Hacia
el fin de aquel año sabático en Italia, hicimos dos viajes. El primero tenía la
intención de llegar hasta el golfo de Sorrento. Fuimos a Florencia, después a
Roma, donde tuvimos una cena opípara en Trastevere, bañada con los sabios
comentarios sobre la situación mundial de mi maestro Parboni (yo no sabía que sería la
última: él enfermó del corazón un año después, y moriría el 1º de junio de
1988, a la edad de 43 años). También fue la única ocasión en que he visitado
los Museos Vaticanos (yo, cargando la carreola de Camilo, con todo y niño, por
los innumerables escalones; Raymundo, interesándose particularmente en los
diferentes globos terráqueos, que daban cuenta de una visión incompleta del
mundo; los turistas cubano-americanos echando flashazos en la Capilla Sixtina).
No
llegamos a Nápoles. Patricia adujo que estaba cansada y que los niños habían
visto “demasiadas estatuas”. Regresamos con una parada en Orvieto, su vino y su
catedral (espectacular por fuera, sencilla y elegante por dentro).
Esa noche, en el hotel, escucho que Raymundo se está peleando en sueños con unas estatuas. Efectivamente, le dio un precoz Síndrome de Stenhdal.
Esa noche, en el hotel, escucho que Raymundo se está peleando en sueños con unas estatuas.
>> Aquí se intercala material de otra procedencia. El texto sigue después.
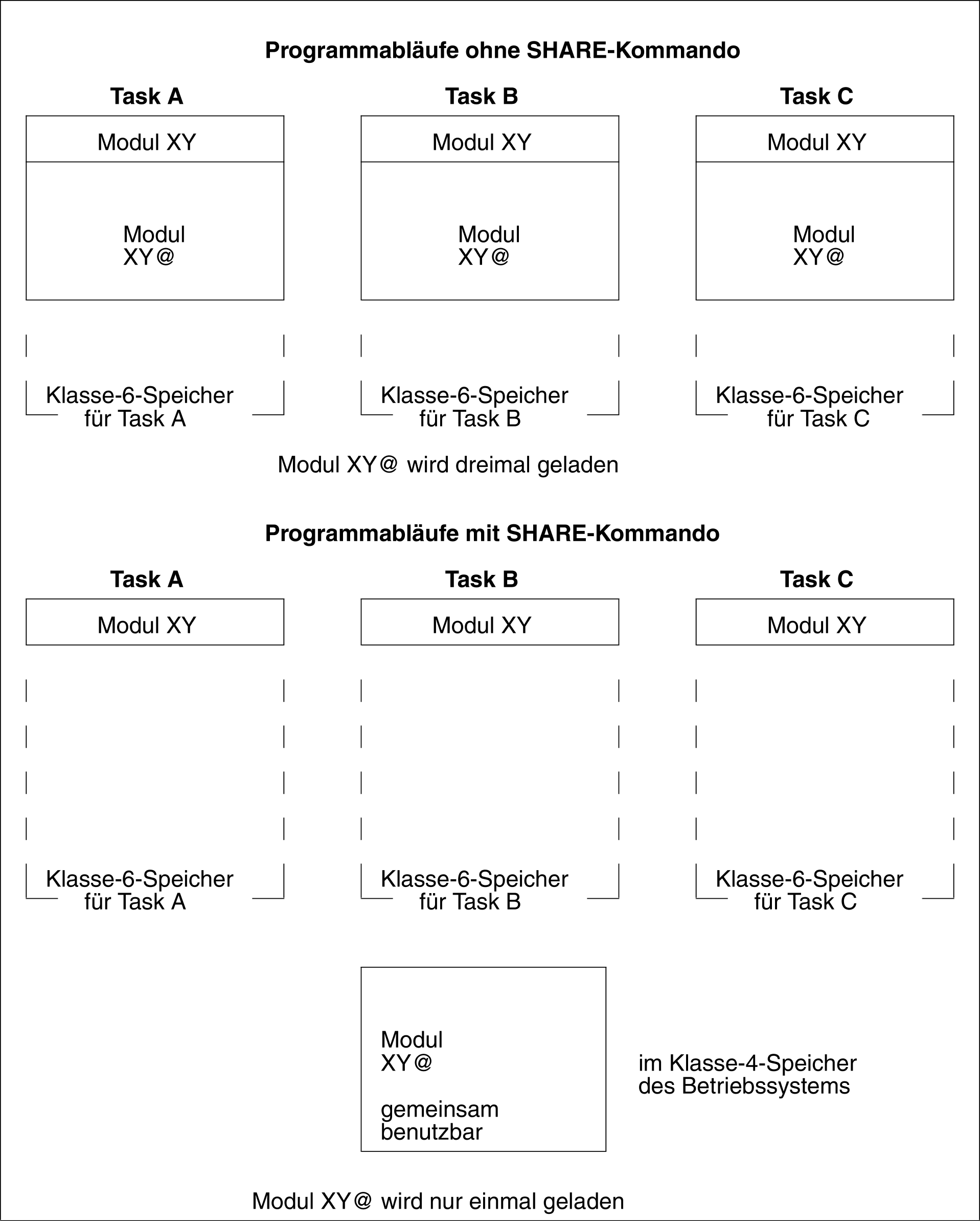 Die gemeinsam benutzbaren Module müssen entweder unmittelbar vom Compiler (über COMOPT-Anweisung MODULE bzw. SDF-Option MODULE-LIBRARY) oder mit dem Dienstprogramm LMS (siehe Handbuch [11]) in einer PLAM-Bibliothek abgelegt werden.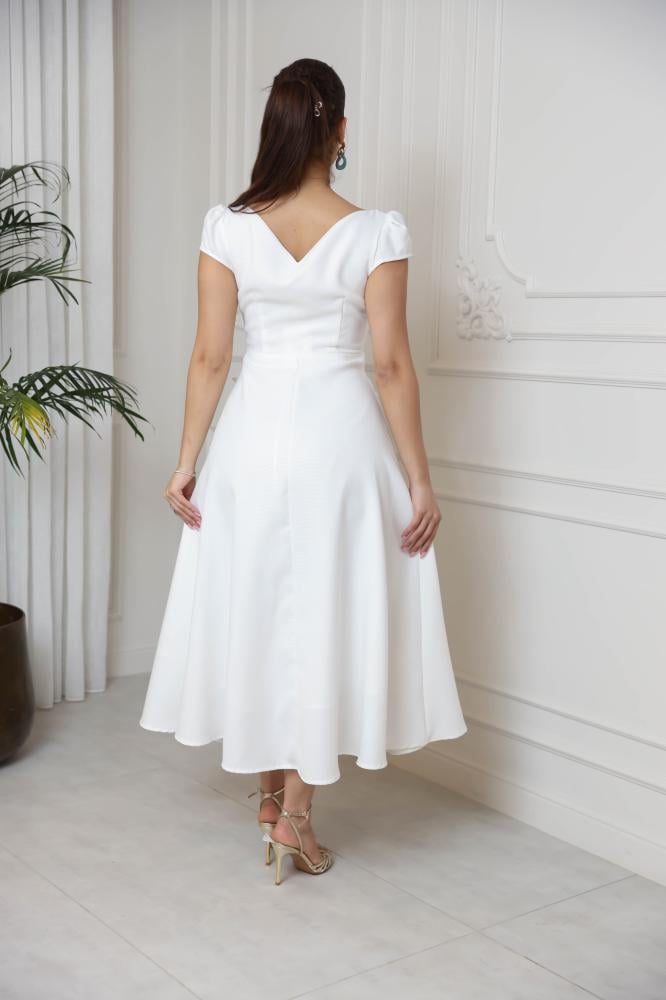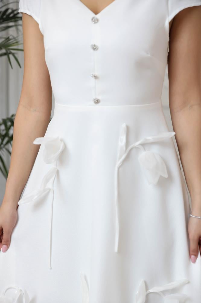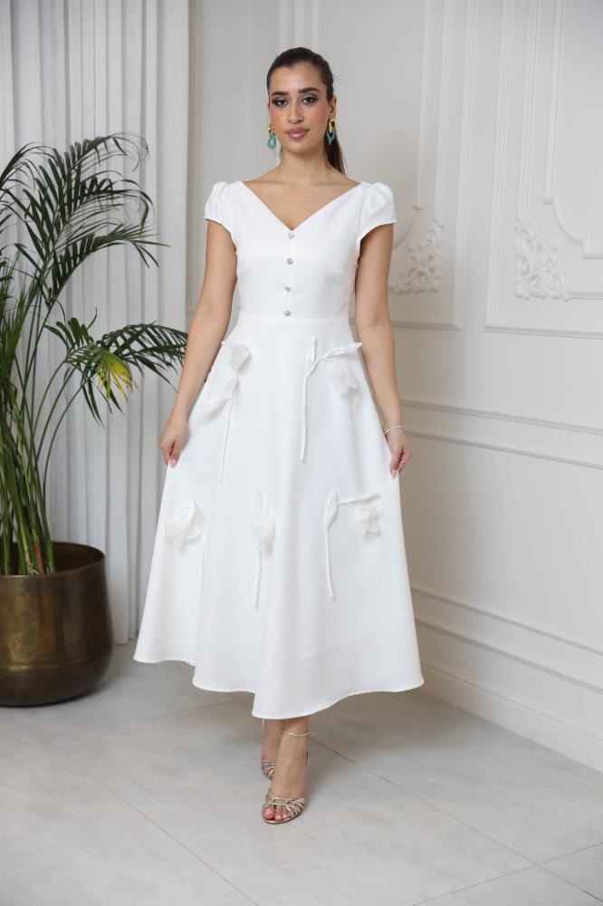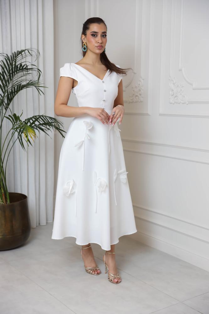 فستان ابيض بياقة V بأكمام مفتوحه مزين بأزرار كريستال على الصدر وبورود من الامام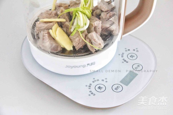 把排骨、蔥、姜片放入養生壺中。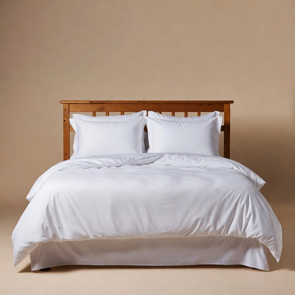 White Bedding on Wooden Bed Frame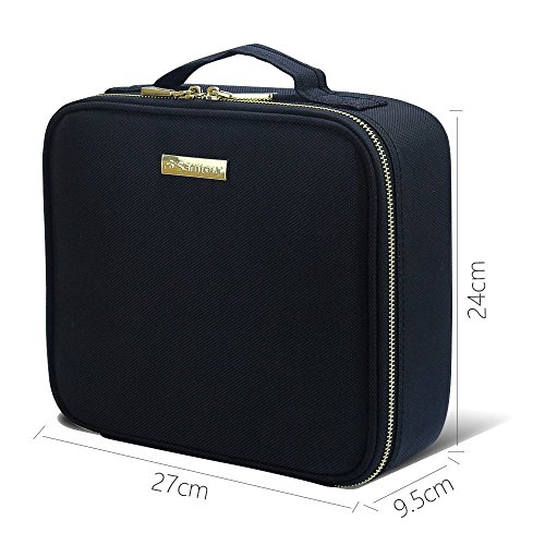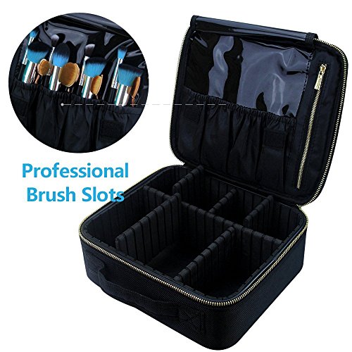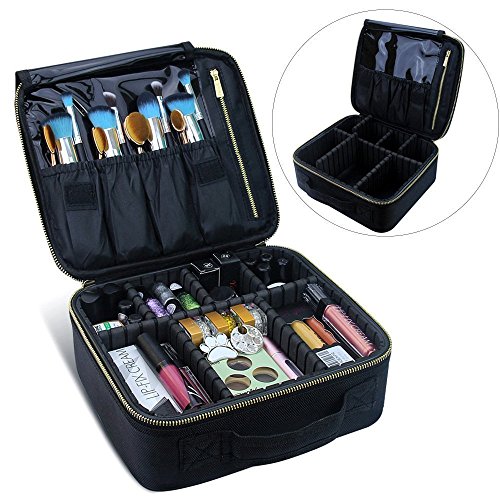Features: - With two-way luxury gold zipper and Top-grade Oxford Fabric , top-grade plastic cover . - Adjustable dividers, design your own compartments. - Sturdy top handle make it easy to carry. - Multiple pockets and slots for all kind of brushes. - Easy to Clean: Black Foamed oxford Insulate Lined for Easy Cleaning. - Durable with water proof, shake proof, anti-wear and spill-proof interiors for long use. - All women's essentials in one elegant case. - This is not only a great makeup cosmetic bag, You can also use it toiletry bag, travel bag, electronic bag, essential oils bag, electronic accessories bag, also can be used as a camera bag. Specification: Model: Durable Makeup Case Color: Black and Gold Zipper Material: Top-grade Oxford Fabric Size: 10.6L x 9.5W x 3.8H inch Weight: 800g / 1.7 pounds Package includes: 1*Portable Makeup Case Note: Cosmetic accessories not included in this item. 0

Efectivamente, le dio un precoz Síndrome de Stenhdal.
También
decidimos pasar una semana en la playa. Por razones de calidad-precio, escogimos
una de fines de primavera en un hotel en Mali Losinj, al sur de la isla de
Losinj, en Yugoslavia.
El
viaje estuvo interesante. Por una parte significó atravesar pequeñas ciudades
de lo que entonces era el norte de Yugoslavia (y hoy son parte de Croacia y
Eslovenia): Rijeka, Opatija, Pula. Cruzamos por un micropuente a la isla de
Cres y de ahí tomamos un ferry para Losinj. A lo largo de la costa se veían
pequeñas localidades con una arquitectura muy semejante a la de Venecia.
La
carretera en Losinj merece párrafo aparte. Era de dos carriles muy estrechos, sin
cunetas, llena de curvas y pasabas de ver el precipicio a tu derecha a ver otro
precipicio a tu izquierda (allá abajo, alguna diminuta Venecia). En esas que
viene un camión y pasamos muy despacito, casi rozándonos.
El
hotel resultó muy bueno y barato. Con unas magníficas comidas corridas: El
lugar tenía tres playas de escaso oleaje: dos de guijarros y una de piedra (que
era la mejor). Una de las de guijarros era nudista, y estaba llena de ancianos.
De ahí salió la mujer más blanca que he visto en mi vida: una auténtica Blanca
Nieves.
En Mali
Losinj Rayo y yo logramos algo extraordinario: que él se acercara a un carrito
de helados, pidiera en serbo-croata uno de fresa, pagara y le dieran el cambio,
mientras yo veía la escena a unos metros.
También
solíamos caminar por un sendero entre las montañas junto a la costa. El sendero
llegaba hasta donde había un pequeño busto de Tito, colcado en un nicho cavado
en la roca. Cada día había flores nuevas en ese nicho. Claveles rojos. Quién
iba a pensar que apenas cuatro años más tarde Yugoslavia, la república que
fundó Tito, iba a desaparecer. Ni Parboni.